Rep. Peter King backtracks, criticizes Muhammad cartoon event

Rep. Peter King in Brooklyn on Jan. 4, 2015. Credit: John Asbury
Rep. Peter King (R-Seaford) has backed away from his initial defense of anti-Islamic activist Pamela Geller, who staged the Muhammad cartoon-drawing contest Sunday in Garland, Texas, where a police officer shot and killed two gunmen who opened fire.
King called Friday, however, and denied he changed positions. King said he was talking about two different things, described below.
Here is what King said in those interviews.
"She has a right to do what she did. Just because you have the right to do it doesn't mean you should do it," King said in an interview Wednesday on AM 970 that BuzzFeed first flagged.

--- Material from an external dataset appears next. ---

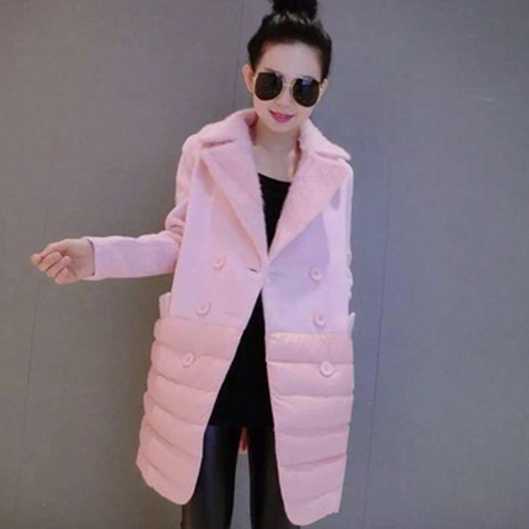 2015冬裝新款韓版女裝寬松顯瘦中長款加厚毛呢拼接棉衣潮牌 /

"We want to insult and attack and ridicule Islamist terrorism, and that's fine," King added. "That makes sense, but to go after a religion in this way, you are just inviting trouble and there is no reason.
Its one thing to be courageous if you are doing it for a valid cause, but for the cause of doing a cartoon of Muhammad to me that's ... you are putting people's lives at risk for no good reason."
Those comments from Wednesday, however, sounded as if he had made a flip from what he said on Fox & Friends on Monday, Talking Points Memo pointed out.
We shouldn't be having a debate about whether or not that exhibition was provocative, King said then. "Being an American means you can be provocative. This is the First Amendment. We can't sacrifice our Constitution to Islamists or politically correct commentators."
When King called Friday, he said he was making two separate points.
King said that on Monday he was trying to defend the right to speak out and be provocative, and that the two men who drove up and started shooting had no justification for resorting to violence.
"You can never use violence to stop provocation. You have a right to provoke," King said. "Provocation is never an excuse for violence."
King said that on Wednesday he was trying to say that the cartoon contest was a needless provocation and not a tactic and a method to be used against Islamic terrorism. Geller, he said, "seems to provoke for the sake of provoking."
He explained, "There is no reason for attacking the Muslim religion. ... There is nothing we should have against Mohammad or the religion."
King appears to be walking a pretty fine line there, saying you have a right to provoke, but that you should be thoughtful about when and how you provoke.
On Wednesday, King took a shot at Geller, recalling she criticized his controversial hearings as Homeland Security Committee chairman on the responsibility of the American-Muslim community to combat Islamic terrorism.
Yeah, its provocative for no reason, King said, adding Geller "thought somehow that I was helping the Muslims or she said I didn't conduct tough enough hearings or whatever."
Geller criticized King's choice of witnesses for the 2011 hearings in her blog, saying he was "a wee bit over his haid (sic) and his hearing fills me with dread and sorrow at another lost opportunity."